SIANG
itu
cuaca cukup terik, namun tidak menyurutkan Tim Lintas Atjeh, Aceh Selatan News
dan PPWI Aceh Selatan untuk menuju lokasi abrasi, tepatnya jalan menuju Desa
Siurai-urai dan Koto Indarung, Kecamatan Kluet Tengah, Kabupaten Aceh Selatan.
Dengan menggunakan satu
unit mobil minibus, tim bergegas menuju lokasi. Tidak ada yang berbeda situasi
perkampungan yang kami lewati sepanjang jalan Manggamat, hanya pengemudi kami
sesekali mengurangi pedal gasnya dan menginjak rem karena masih ada jalan rusak
dan berlubang disana-sini.
Setelah menempuh
perjalanan sekitar 30 menit, tim sampai di jembatan gantung menuju Desa
Siurai-urai dan Koto Indarung. Mobil terpaksa kami tinggalkan diujung jembatan
karena tidak bisa dan tidak mungkin menyeberangi jembatan itu. Resiko terkecil,
mobil babak belur tergores tali dan pagar jembatan, resiko terbesar mobil
amblas dan hanyut di aliran Sungai Kluet karena beberapa alas dari papan sudah
tidak layak dilewati meskipun dengar cerita masyarakat setempat ‘ada juga’
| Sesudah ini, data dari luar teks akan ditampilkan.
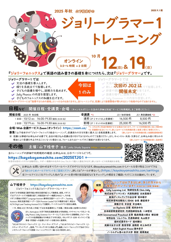 日本語版「はじめてのジョリーフォニックス」の 2 冊が終わったら、次はジョリーグラマー。この内容と指導方法をしっかりと身につけましょう。今回はオンライントレーニングという形式で開催いたします。大きな特徴は次の通りとなります。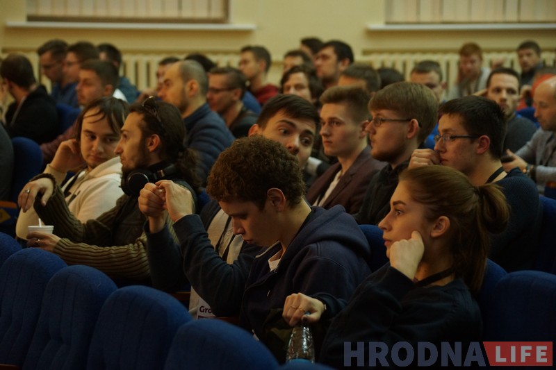 “Я бачу тут шмат нашых, – кажа Алена Лівак, дэкан факультэта матэматыкі і інфарматыкі ГрДУ. – Шмат знаёмых вакол, нават цяжка адразу вызначыць, хто з іх нашы сённяшнія студэнты, хто выпускнікі, а хто ўжо ментары. Толькі сёлета мы выпускаем 295 матэматыкаў, сярод іх 275  – праграмісты. Наш колішні студэнт, Яўген Неўгень, каторага сёння ўсе ведаюць як стваральніка MSQRD, некалі таксама пачынаў з хакатона. Пасля перамогі ён загарэўся ідэяй прывезці “Garage48” у Гродна, бліжэй да нашых студэнтаў і выпускнікоў. Увесь час мы ішлі да гэтага і рады, што зараз прымаем хакатон у сценах універсітэта”.

mobil jenis carry yang bisa lewat. Tapi tetep saja ngeri membayangkannya!
Akhirnya, kami harus
berjalan kaki kurang lebih 2 km dibawah terik matahari. Sepanjang perjalanan,
hanya satu dua orang kami temui berjalan kaki pulang dari kebun. Sementara
beberapa kendaraan berpapasan dengan kami, berhubung ada satu orang warga Koto
Indarung yang akan pulang akhirnya Lintas Atjeh menumpang untuk sekalian
melakukan wawancara soal jalan yang terputus, sedangkan tiga orang tim tetap
semangat dalam kelelahan menuju lokasi.
Sepanjang perjalanan,
Lintas Atjeh mendapatkan informasi penting tentang abrasi Sungai Kluet yang
sudah memutuskan akses jalan utama menuju Desa Siurai-urai dan Koto Indarung,
Kecamatan Kluet Tengah, yang berdampak terhadap perekonomian dua desa tersebut.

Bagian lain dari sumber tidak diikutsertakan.